Некоторые современные зрители «Хабарды» поражаются тому, как в сцене юбилея Луарсаба режиссер высмеял казенщину торжественных празднеств, годовщин и дней рождений великих. Загрузив комнату старца различного размера бюстами, афишами с его именем, портретами и поздравительными адресами, Чиаурели, по мнению этих зрителей, чуть ли не прозрел свой дальнейший путь и поиронизировал над ним.
Всё значительно проще. И сложнее.
Творчество Чиаурели данного периода представляется содержанием, лишенным формы (да простится антинаучность формулировки). В конце 1920-х — начале 1930-х годов это был режиссер, наделенный определенными способностями, остро чувствующий специфику кино, тяготеющий к художественному отображению процессов, происходящих в современной ему действительности. И в то же время создается ощущение, что раннему Чиаурели было все равно, что снимать.

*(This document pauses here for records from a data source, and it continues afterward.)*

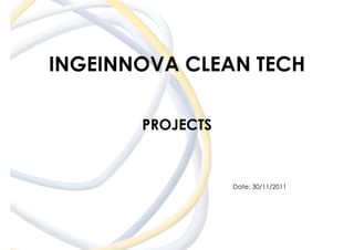 This document provides summaries of various clean technology projects being developed by Ingeinnova Clean Tech, including:
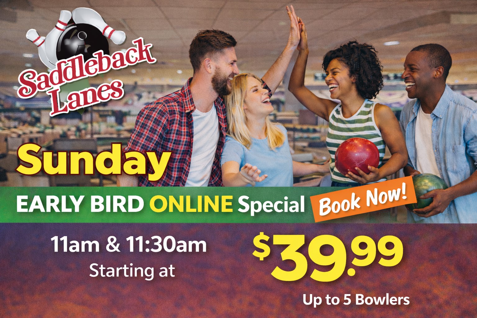 It’s easy! Just pick a time to come, place a deposit and show up ready to bowl!
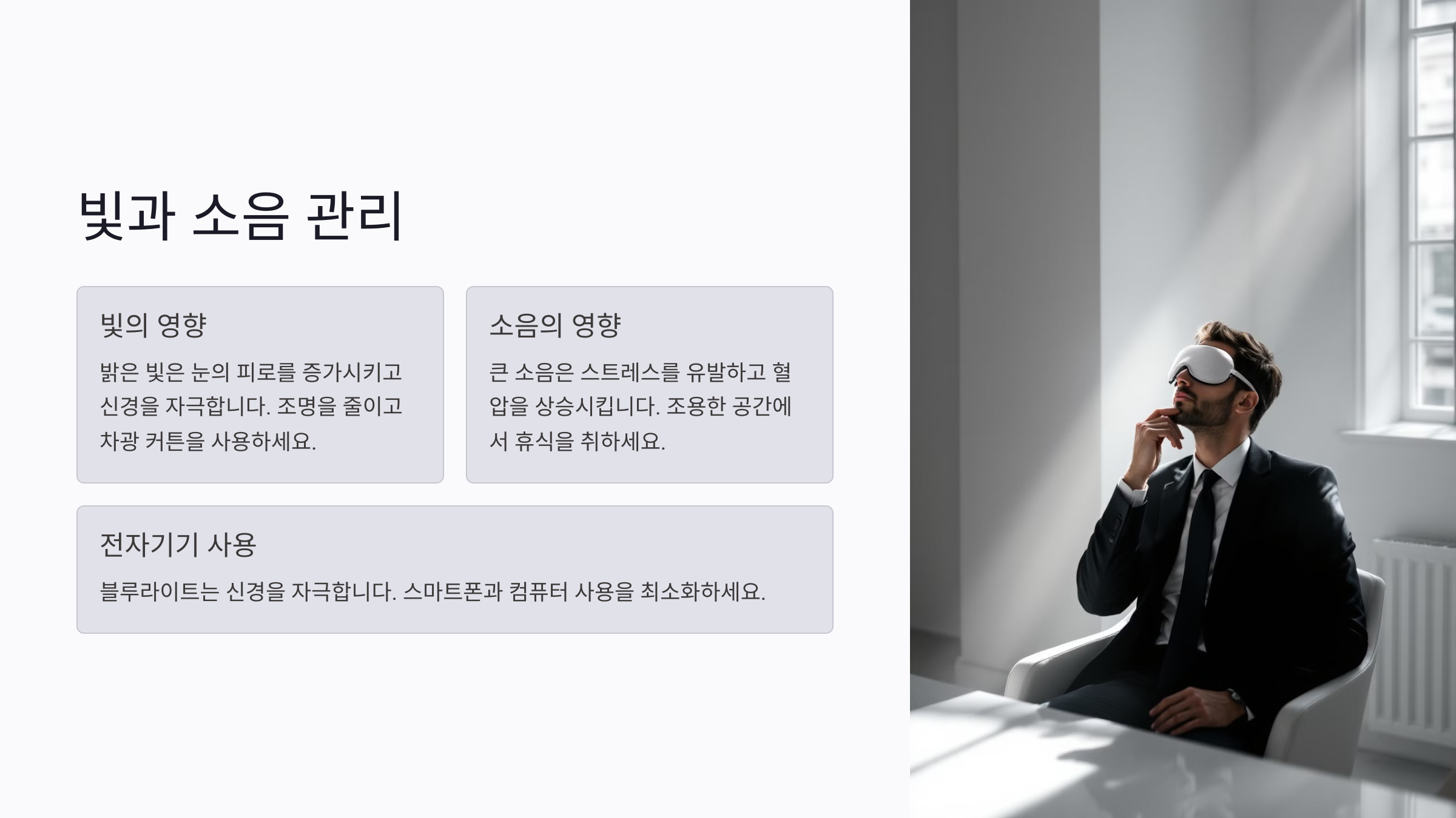 | 밝은 빛 | 눈 피로 증가, 신경 자극 | 차광 커튼 사용, 블루라이트 차단 |
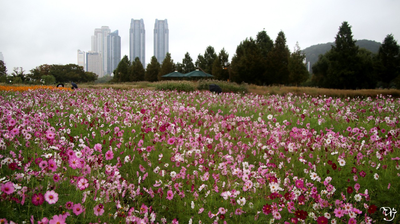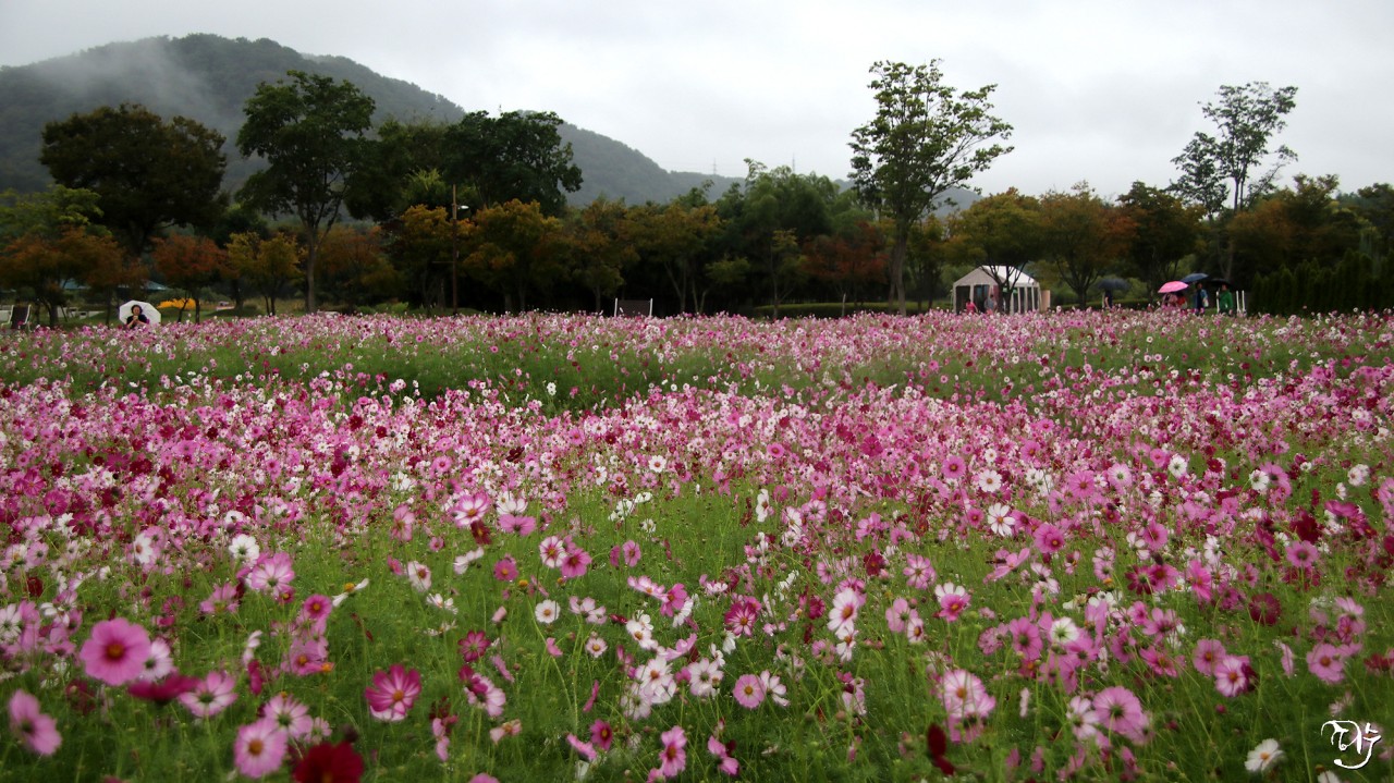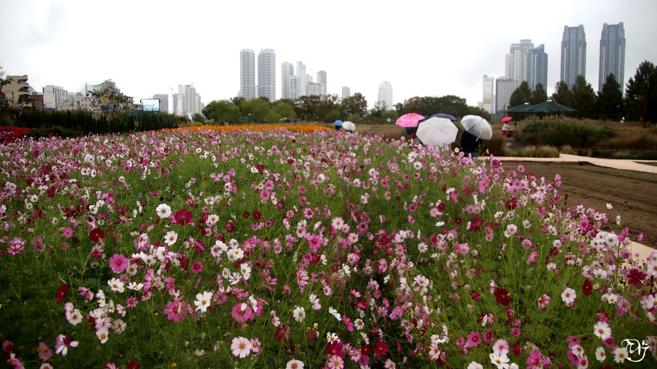 비가 오는데 우산을 쓰고 코스모스 정원을 다니시는 분들이

Ему вообще нравилось снимать. Режиссер подошел к роковому рубежу в советском кино, не имея достаточно четкого собственного представления о совершающемся в стране. Тяга к политическому кинематографу сочеталась в нем с вакуумом собственного политического сознания. Парадоксальное это сочетание и породило, очевидно, зрелого Чиаурели, всем сердцем принявшего ложь за правду, черное за белое, темноту ночи за сияние дня.
В 1934 году режиссер ставит свой первый звуковой фильм «Последний маскарад». Запоздалые почитатели пытаются представить эту картину некой вершиной его творчества, этапом в развитии советского кино. Слышать и читать об этом тем более странно, что лента является вторичной по своему сценарному материалу и эпигонской по воплощению его.
Две семьи, живущие в одном тбилисском дворе. Одна богатая, другая — бедная. Имущественная разница, впрочем, не мешает сыновьям поддерживать дружеские отношения. Но бедняк Мито, конечно же, приходит к правильному понимаю целей и смысла ведущейся борьбы и становится большевиком. Происходит это, разумеется, после «обязательных» бесед со старым партийцем в тюремной камере. Ростом, сын князя Диомиса, в конце концов оставляет свою революционную фразеологию и полностью становится на сторону предателей революции, оставаясь, как в пору бурной революционности, так и в пору борьбы с революцией, меньшевиком.
Большевистская борьба представлена, конечно, реалистично. Хотя иногда этот реализм оборачивается экспрессивностью (сцена прохода раненого Мито по городу, например). Массовые эпизоды сделаны неряшливо. Сама массовка плохо выстроена, а всякого рода достройки, дорисовки становятся основным объектом внимания раздраженного зрителя в эпизодах открытых схваток революционного пролетариата с врагами и предателями.
Гротеск, сатира, приемы откровенно условного искусства, символика — все это — на другой линии картины.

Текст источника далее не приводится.